AĞAÇ
Odunlaşmış bir gövdesi olan, kökleri ile toprağa tutunmuş ve yapraklardan ya da yapraklı dallardan bir tacı olan bitki.
Gövdeleri odunlaşmış da olsa,, ince gövdeli olanlara çalı denir. Bitkiye ağaç karakterini veren odunlaşmış gövde, tam tepesine kadar ya da yapraklı dalların başladığı yere kadar uzanır. Bütün bitkiler gibi ağaçlar da bol besine muhtaçtır. Ağaç besinini, toprağın derinliklerine kadar uzanan kökleri ile alır. Yaprakları ile aldığı güneş ışığını ve karbondioksit gazı ile özümlemeyi yapar.
Ağaçlar, yaprakları bakımından ikiye ayrılırlar: Yapraklarını döken ve yapraklarını dökmeyen ağaçlar. Yapraklarını döken ağaçlar, her sonbaharda yapraksız kalırlar ve ilkbaharda yeniden yaprak vermeğe başlarlar. Yapraklar, geniş ölçüde suyun buharlaşmasına sebep olduğu için, ağaçlar kışın bu derece su kaybına dayanamazlar. Yapraklarını dökmeyen ağaçlar ise yıllarca bu durumda kalırlar. Bu çeşit ağaçların yaprakları küçük, dar ya da sert kabuklarla kaplıdır.

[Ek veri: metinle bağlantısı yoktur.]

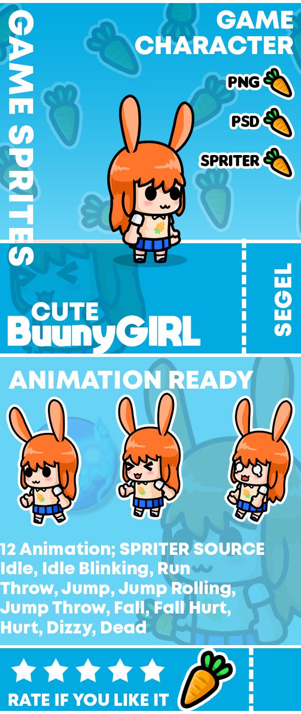 | Tags | android, mobile, 2d, Animal, cute, runner, running, character, sprite sheet, chibi, game asset, tiny, Bunny, rabbit, sprite, spriter, platfrom, Anime, carrot |

Her yıl büyümesine davam eden ağaç, gövdesini kalınlaştırır ve gövdesindeki odun nispeti böylece her yıl artar.
Ağaçların beslenmesinde en önemli madde olan karbondioksit, ağaçlar tarafından gündüz kullanılır. Bu bakımdan, ağaçlı yerlerin havası, daima iyi ve temizdir. Ağaç, aynı zamanda bir yerin iklimine de etki eder. Oranın havası rüzgârlı ve yağışlı olmasını sağlar.
Türkiye'de ağaç, topraktan sökülmeyince taşınamayan bir varlık sayıldığından, Türk Medenî Kanununa göre, toprağın bir parçasıdır ve toprak sahibinin malı sayılır. Ancak, dallarının komşu olanlara zarar vermemesi de gerekmektedir.
Ağaçlar, bir memleketin süsü olmaktan başka sağlık kaynağı ve daima faydalı olan bir mal olduğu için ağaç yetiştirilmesi ve ağaç sökülmesi belli kanunlarla kayıtlar içine alınmıştır.